Rhythm of the Rain

For Generation X'ers, The Gathering was the millennium party not to be missed. With up to 10,000 revellers descending on Takaka Hill the predictions of mayhem were rife until the rain began to fall and fall and fall... Press reviewer Sharon McIver was among the wet bodies warding off hypothermia with constant movement.
So where were you when the clock ticked over from one millennium to the next? It is a question that we're likely to be answering for the rest of our lives, so with this in mind I took myself off to one of the few places - and the only one with more than a dozen people present - where I could imagine myself being able to forget about the hype and hoopla associated with the big event, and just enjoy.
The place where a year ago I had discovered a love of camping, a love of dance music, and most surprising, a love of New Year - The Gathering.
I imagined spending that unavoidable nigt blissfully circulating around the seven dance zones, finding just the right sounds to match my mood, and combating the effects of extended dancing by taking in an outdoor movie.
Just before dawn I would make my way to the peaceful tribal zone where I would watch the sun come up to the primitive beats of hand-made drums.

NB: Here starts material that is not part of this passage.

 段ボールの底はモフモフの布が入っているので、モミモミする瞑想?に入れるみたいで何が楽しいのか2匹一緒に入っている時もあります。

How very different it was. December 31 dawned wet and bloody miserable. A collection of tents, portaloos and dirt tracks lapped by widening pools of water and the rain showing no signs of letting up. I was struck by the irony of the situation. All the organisation in the world (and The Gathering was very organised) is no weapon when the gods get bored by our self-obsession with mortal time and decide to amuse themselves at our expense.
Strangely, though (or maybe because) my New Year celebrations were so vastly different to how I had envisaged them, I suspect that they will hold even greater significance over years to come.

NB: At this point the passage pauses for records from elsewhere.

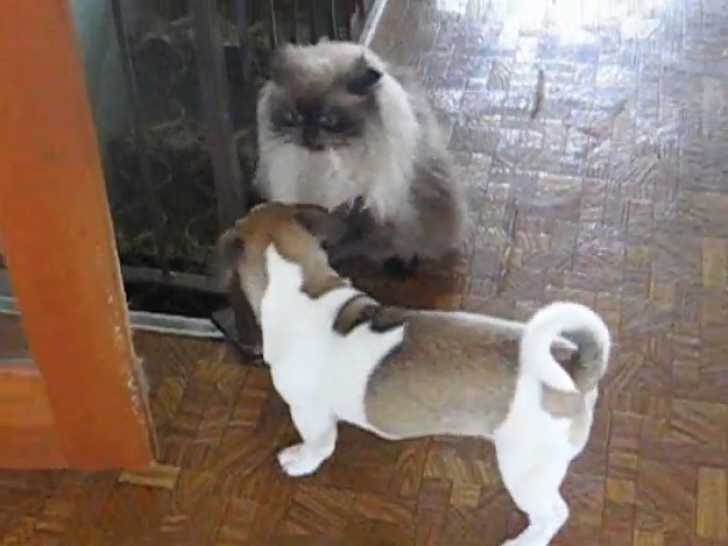 cohabitation chien de 5 ans et chat de 13 ansBonjours je viens d adopter un chien de 5 ans et nous une chatte de 13 ans,le chien est venu voir le chat...
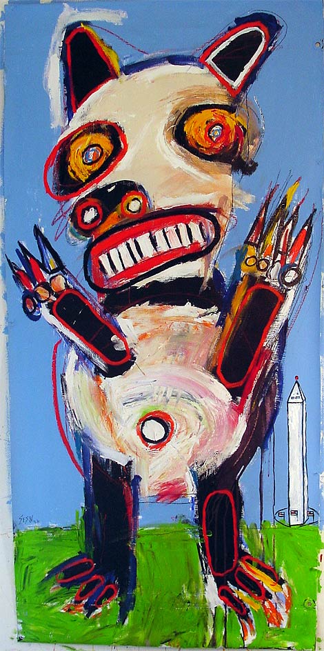 "Panda (at the Mall)" 60" x 29" oil/mixed on canvas banner (with grommets) *SOLD |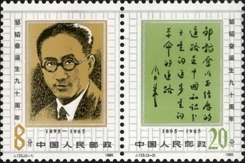 記者是一個承載著光榮與夢想的職業,又是充滿挑戰、需要激情、不怕艱辛、固守責任的行業。在我國發行的人物類郵票中,一些堪稱中國紅色記者的人物曾多次出現在方寸之中,其中,最具代表性的是1985年11月5日,原郵電部發行的J122《鄒韜奮誕生90周年》紀念郵票。該套郵票共2枚,第一枚為鄒韜奮畫像,第二枚是周恩來的題詞。兩枚郵票采用橫連票設計,背景為文稿稿紙,主題鮮明,寓意深刻。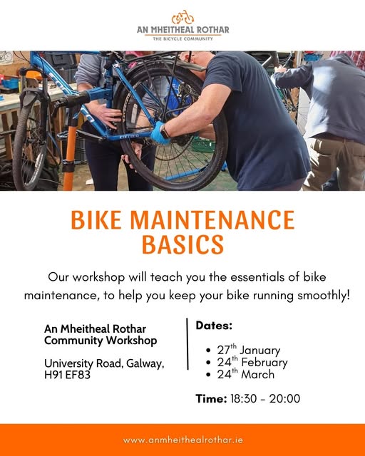 Next dates coming up: Tuesday 24th February and Tuesday 24th March 2026 6.30pm - 8pm An Mheitheal Rothar Community Bike Workshop, Block R, University Road, Galway H91EF83 Bike Maintenance Basics An Mheitheal Rothar’s Workshop will teach you the essentials of bike maintenance, to help you keep your bike running smoothly! It’s on at 6pm on Tuesday 24th and costs just €10. Bring your own bike! Sign up here: https://www.anmheithealrothar.ie/bikemaintenancebasics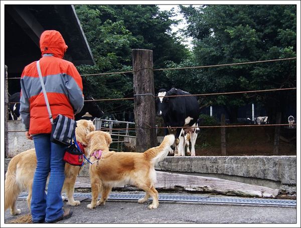 走到牛欄邊,有一頭牛可能以為接近牛欄的人都是要餵她吃草的

When the music stopped shortly after midnight - which only seconds before had been pounding out of each of the main zones - I initially wondered if, in a truly perverse fashion, the Gathering people had decided to celebrate the moment with a minute's silene, but the real reason soon became clear.

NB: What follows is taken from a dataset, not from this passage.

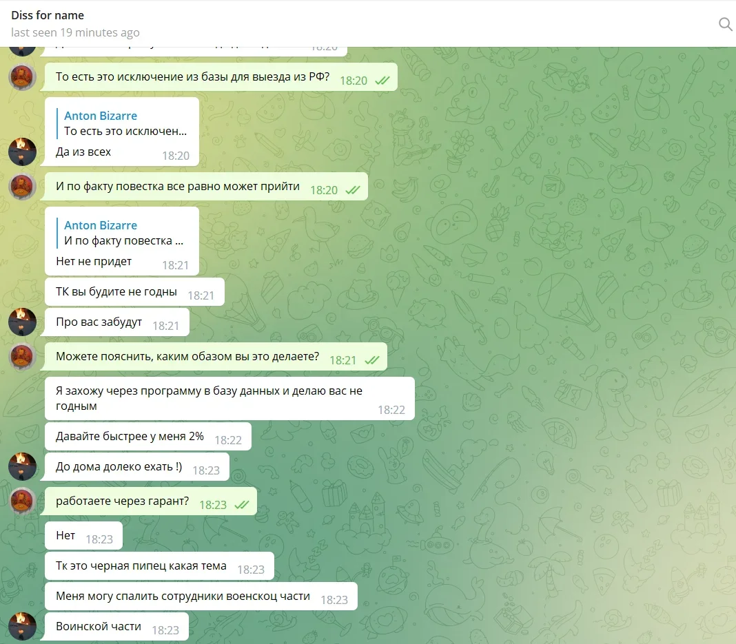 One more person we spoke to offered us to forge health category D (temporarily unfit for military service) in some police database, as well as the non-existent “military database.”

And when it did, it sent a shockwave of recognition from the top of my rain-drenched head right through to my mud-encased toes. The promised midnight surprise was a beautifully performed karakia and waiata broadcast through all the speakers.
The poignancy was tangible - here in the midst of one of the most beautiful areas in the country at the most talked-about moment of time for decades (past and future) was a reminder of the importance of the land.
And the land itself was putting paid to any grandiose man-made ideas of self-importance.
As I left The Gathering a day early because of the rain (eventually the whole party wound up with the mass evacuation of more that 300 muddy people in various stages of exposure [see note 1]) I experienced a simiar sense of self-awareness as I had the year before. But whereas last year's experience had been about freeing inhibitions and simply enjoying the moment, this time I came away with a heightened sense of insouciance and a wariness of doing battle with circumstances completely beyond my control.
In the future, when asked how I spent the first minutes of the new millennium, I will be reminded of just how insignificant in the greater scheme of things human beings really are.
As for The Gathering, all the rain in the world could not put me off, and it remains at the top of my list of things to do this time next year.
WebEd's corrections
note 1
This is inaccurate reporting. Approximately 300 people left The Gathering site on January 2 on buses, as they had always planned to do. We provide a bus service between both Nelson & Motueka and The Gathering site for people who do not have their own vehicles. This year, around 300 people chose to use that service. They were not evacuated and the situation was never an emergency, they were simply leaving.
We took 40 Gatherers suffering from mild hypothermia to Motueka Salvation Army hall where they were checked out by St John Ambulance staff, and given food and warm clothes before being taken to Nelson College for the night. We took these Gatherers off the hill BEFORE their situation became serious.